Left: Dr O-Ren Ishii beckons us into her surgery.
Up until this pivotal moment the idea of our procreation has been just that...an idea, something out there in the ether. It is like booking an exotic holiday. You know it is coming but it is just a date in the diary and it is only when you are boarding the plane or checking into the hotel that is becomes real. Pregnancy? That is just a figment of imagination, just a flight of fancy. But as the monitor flickers into view and the amorphous shadows coalesce into in fieri human form, we both gasp as the true meaning of life becomes crystal clear. I was not born to party 'til dawn, to become rich or eat KFC. I was born for him or her.

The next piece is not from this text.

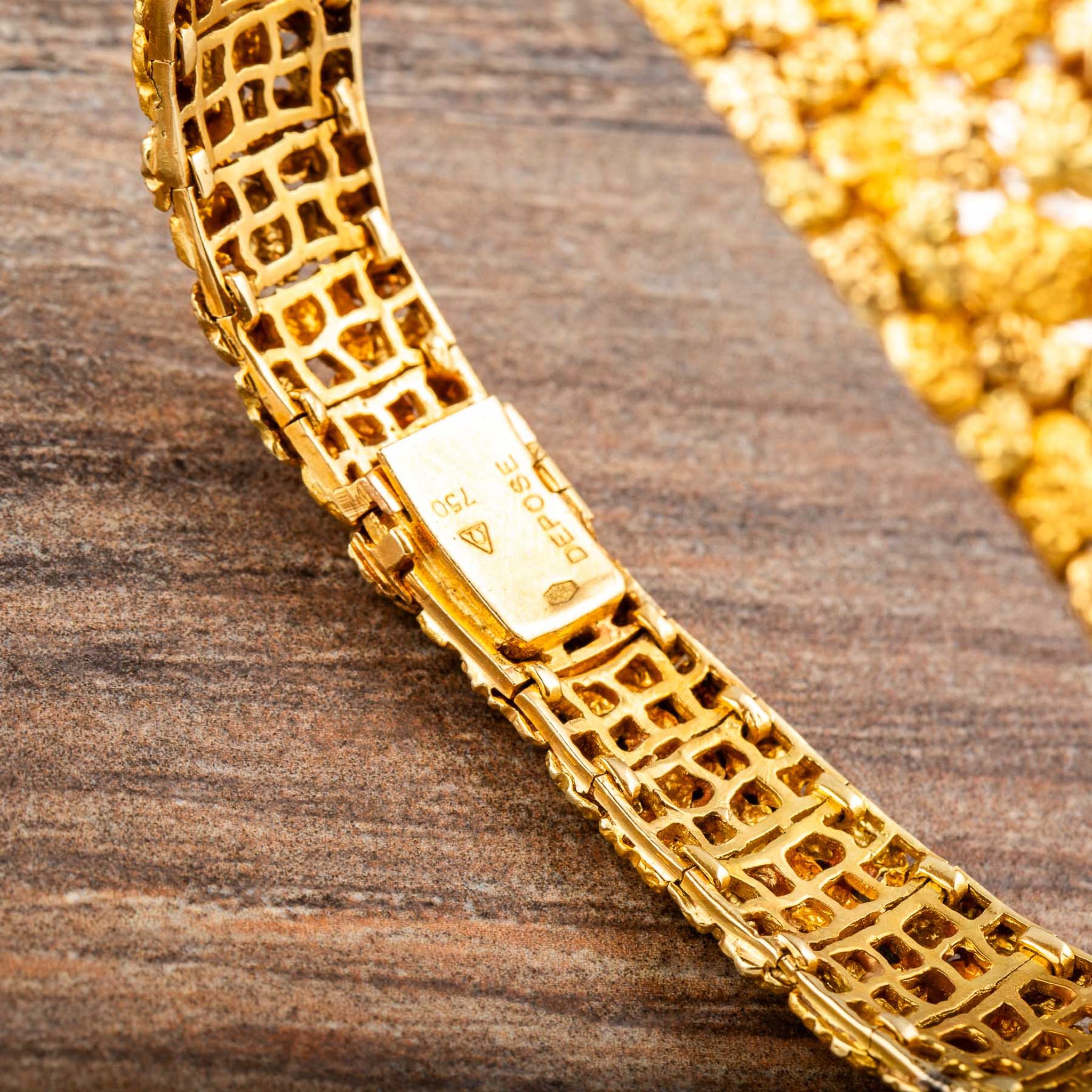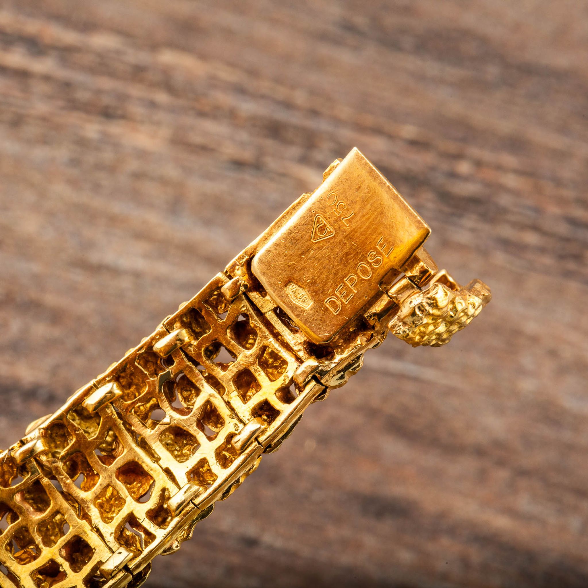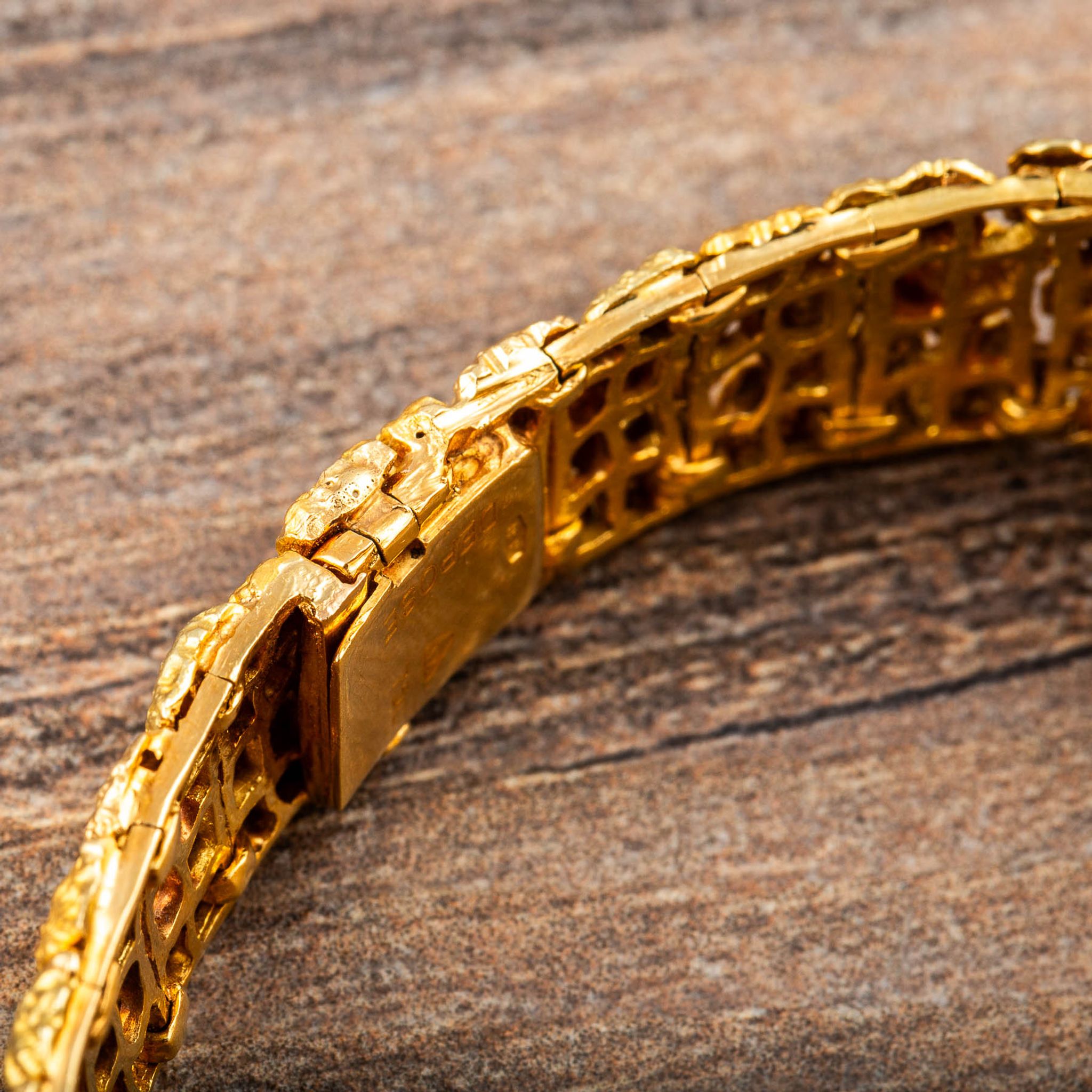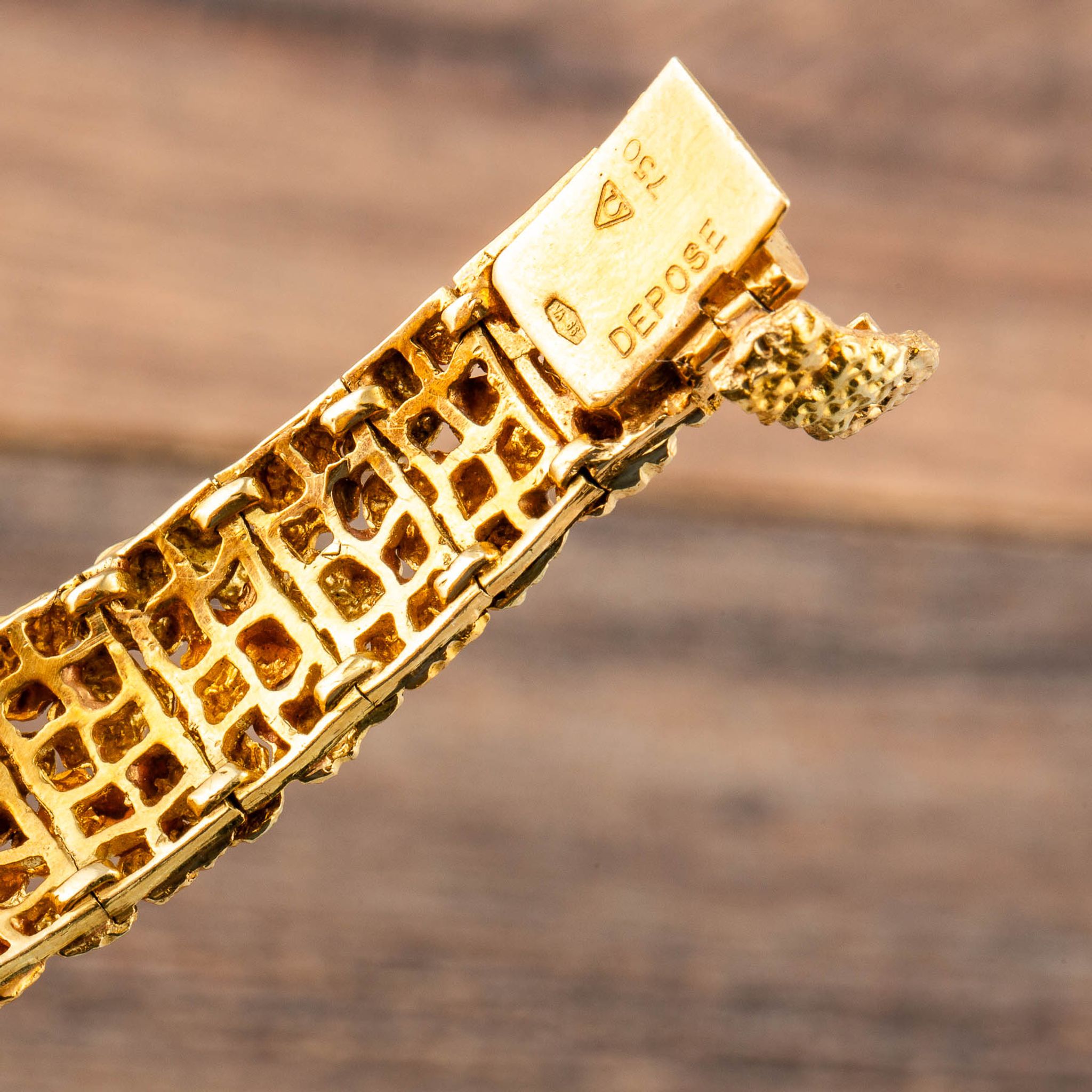 The present watch is a striking example of Albert’s creative style: an 18k yellow gold “nugget” bracelet-watch, made for Omega in the 1960s. Its bold, textured links are designed to look like raw gold formations, creating a sculptural bracelet that wraps the wrist in rich, golden tones. Hidden within this organic pattern is a concealed watch dial, covered by a hinged lid that keeps the look of the bracelet uninterrupted when closed.

The first news is positive.
"There's just one" says Dr. O-Ren Ishii and I banish thoughts of identical triplets marauding round the flat. She wiggles the scanner round for a guided tour of our future. There is its head, its arms and even its ickle fingers that the doctor counts.
I wave hello.
Dr. O-Ren Ishii takes some measurements on her HAL computer and analyzes the data on an indecipherable graph that spews out of a console. It reminds me of the Six Million Dollar Man which, when you take inflation into account, would buy you just one second-hand prosthetic arm these days. The computer confirms that our baby is not bionic. During a highly complex lecture on pre-natal medical matters, I realize that Tomoko nor I know bugger all about giving birth, babies and children and resolve to start learning as soon as I get home (after I propose that is.)
Everything is hunky-dory. We leave the hospital stunned, relieved and euphoric, photos of our 12-week baby tucked into a transparent green baby folder.
As I walk back to the car in a jubilant daze.
The door that separates a lifetime silently, gently closes and locks.